LogisticRegression(C=0.01, class_weight=None, dual=False, fit_intercept=True,
                   intercept_scaling=1, l1_ratio=None, max_iter=100,
                   multi_class='auto', n_jobs=None, penalty='l2',
                   random_state=None, solver='liblinear', tol=0.0001, verbose=0,
                   warm_start=False)

In [173]:
yhat = LR.predict(normalized_test_X)
yhat

array([1, 1, 1, ..., 1, 1, 1])

## Jaccard Index

Lets try jaccard index for accuracy evaluation

In [174]:
from sklearn.metrics import jaccard_similarity_score
jaccard_similarity_score(y_test, yhat)



0.6684544124817162

## log loss

Now, lets try log loss for evaluation.

In [175]:
from sklearn.metrics import log_loss
yhat_prob = LR.predict_proba(normalized_test_X)
yhat_prob
log_loss(y_test, yhat_prob)

0.6313322949241933

# Discussion

In the results above, we used Logisitic Regression to attempt to add a warning function of Seattle Washington district in navigation apps.The Logistic Regression model we used has up to 66.8% accuracy of predicting traffic severity levels in Seattle.

During preprocessing the data, I deleted all the row data which don't have explicitly information in the variables that were selected eventhough they noted 'Unknown' or 'Other'. The reason was because this kind of information would give no indication comparing to other categories but would affect the final accuracy if I combine them into other categories which have apparent indication.

Thus due to strict data info requirements of the dataset, the original dataset dropped from 194673 rows to 143568 rows before it get trained.
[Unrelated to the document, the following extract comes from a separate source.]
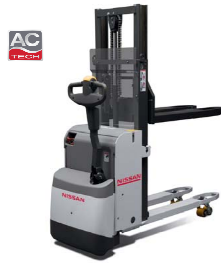
PSL/PSD 1.2 - 1.6 tonnellate, AC

According to this, the apps should be able to access other APIs to guarantee that all required variables can be provided other than X/Y coordinates when using this model to provide predictions of severity of accidents.

# Conclusion

Purpose of this project was to utilize the collision data records of Seattle to build a model which can predict the severity of road accidents in this area so that it can help the Seattle residents reduce chances of getting fatal or severe injury.

The prediction of this model would be used to give navigation users a warning if necessary. But the final decision of wether to go out or not after receiving a severity warning would still be made by individuals based on their personal requirements and needs.

To evaluate the model performance in real life, not only the prediction accuracy counts, additional factors should be taken into considerate.